In the records below, find the line containing "Espremedor De Laranja" and transcribe it and every line after it exactly; leave the pictures out.

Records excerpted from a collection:
--------------------

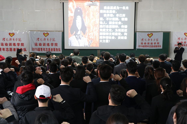 3月13日中午,运动训练学院在教学楼112教室举行青年志愿者活动启动仪式,运动训练学院党总支副书记庞宏娜和全体辅导员以及全体学生青年志愿者参加了此次活动。
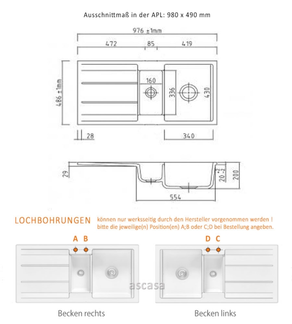 Bitte geben Sie uns dafür die von Ihnen gewünschte(n) Position(en) für eine oder mehrere Lochbohrungen auf der Spüle an oder nehmen Sie diesbezüglich mit uns Kontakt auf. Bitte beachten Sie auch, daß Sie durch diese persönliche Positionierung der Lochbohrung einen für Sie individualisierten Artikel bestellen und erwerben, der nur für Sie speziell angefertigt wird. Diese Individualisierung und die damit verbundene nicht gegebene Möglichkeit eines anderweitigen Verkaufes durch uns kann zu einem Nicht-Wirksamwerden des Widerrufrechtes führen, welches individualisierte Produkte ausdrücklich ausnimmt. (Auf eine mit Produktmängeln zusammenhängende Reklamation hat dies selbstverständlich keinen Einfluß). Bitte sprechen Sie uns ggfs. hierauf an. - Ausschnittmaß in der Arbeitsplatte: 980 X 490 mm
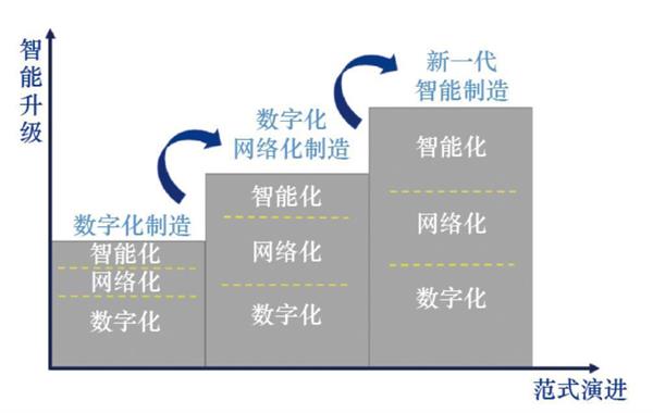 中国工程院于2017年发布《中国智能制造发展战略研究》报告,综合智能制造相关范式,总结、归纳和提升出三种智能化制造的基本范式,即:数字化制造、数字化网络化制造、数字化网络化智能化制造。
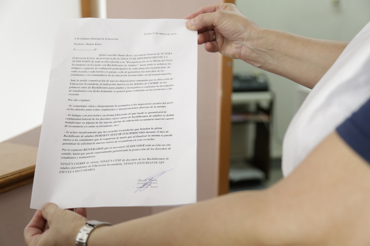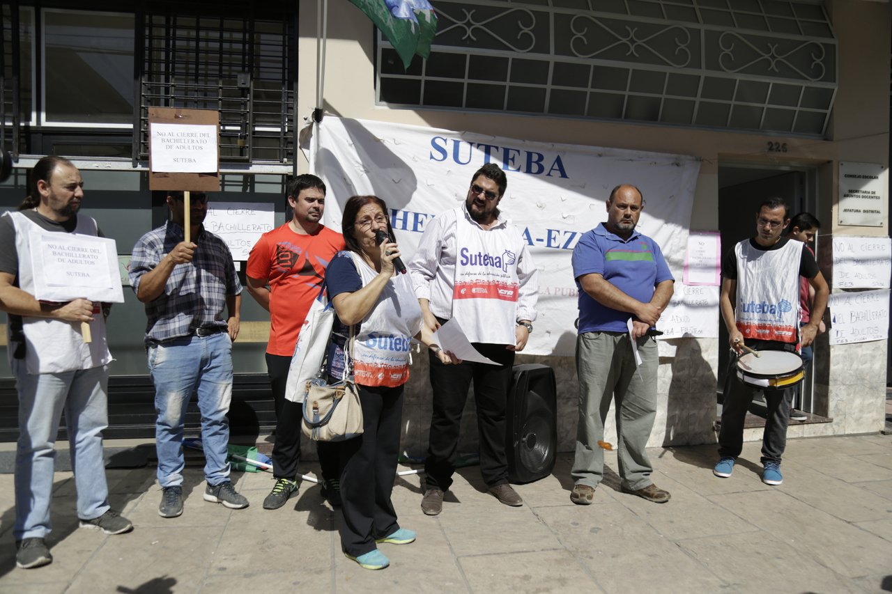 En el día de hoy, el SUTEBA Echeverría Ezeiza, en el marco del FUDB, se hizo presente en las Jefaturas Distritales de Esteban Echeverría y de Ezeiza junto a alumnxs, ex alumnxs y Docentes de los Bachilleratos de Adultxs exigiendo que se suspenda cualquier tipo de cierre de Bachillerato.
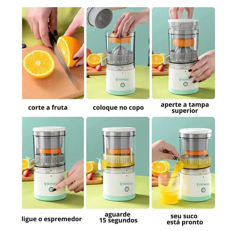 Espremedor De Laranja Frutas Elétrico Portátil Bivolt Extrator Recarregável USB
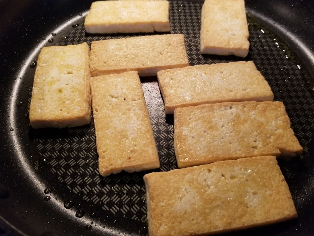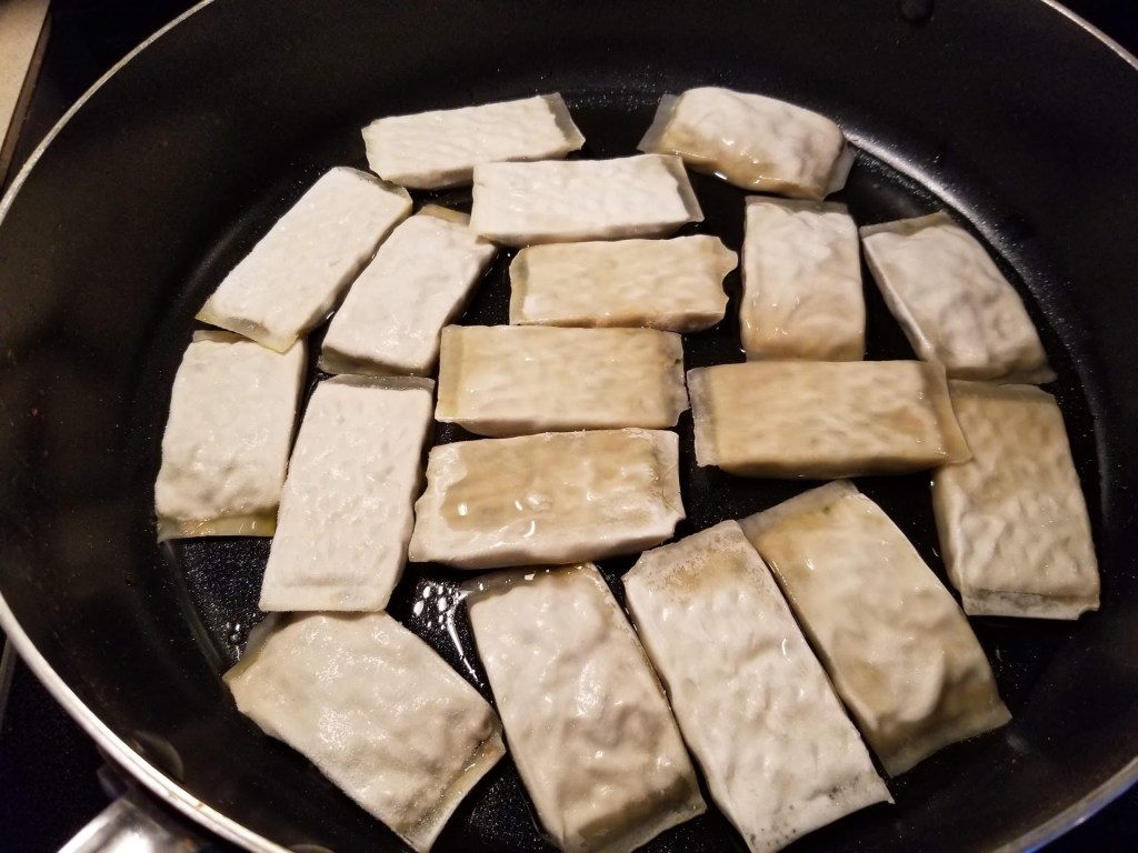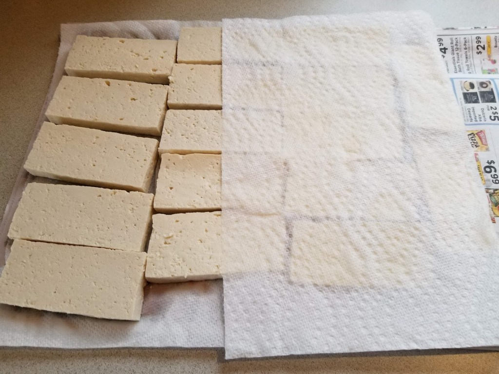 Yay! Tofu looking nice and dry and ready to pan fry.
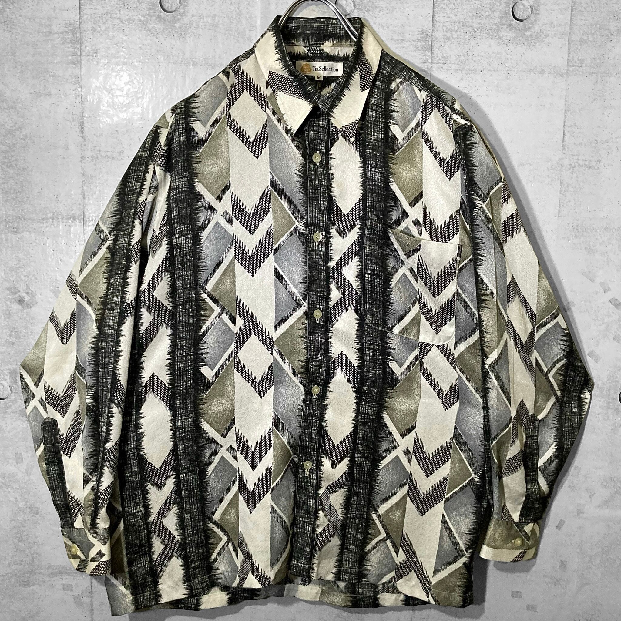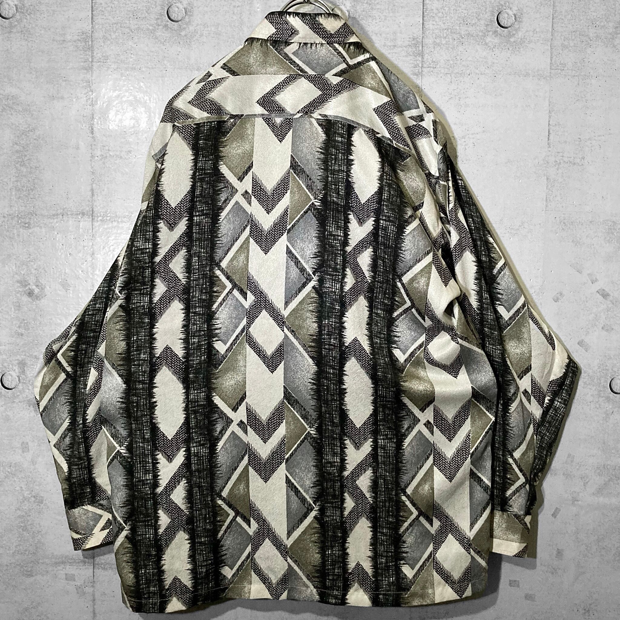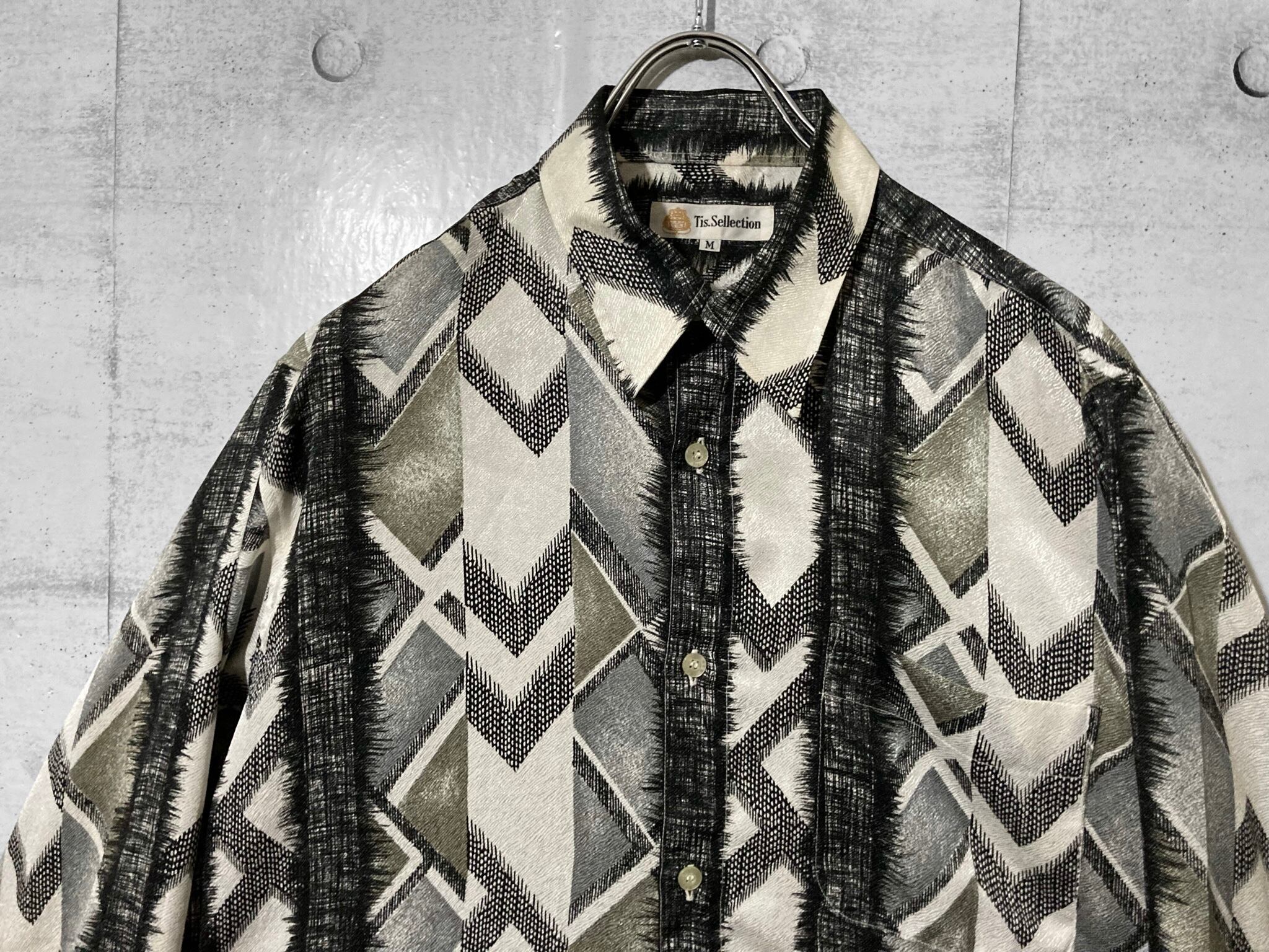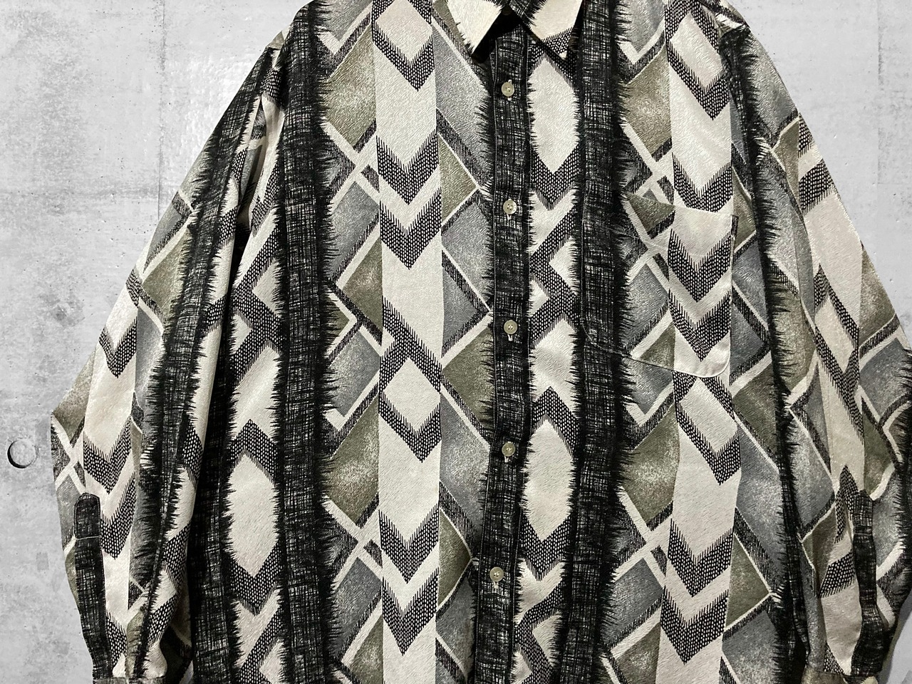 オフホワイトにのせた幾何学パターンの総柄シャツ♦︎♢

--------------------

» Answer for the task:
 Espremedor De Laranja Frutas Elétrico Portátil Bivolt Extrator Recarregável USB
 Yay! Tofu looking nice and dry and ready to pan fry.
 オフホワイトにのせた幾何学パターンの総柄シャツ♦︎♢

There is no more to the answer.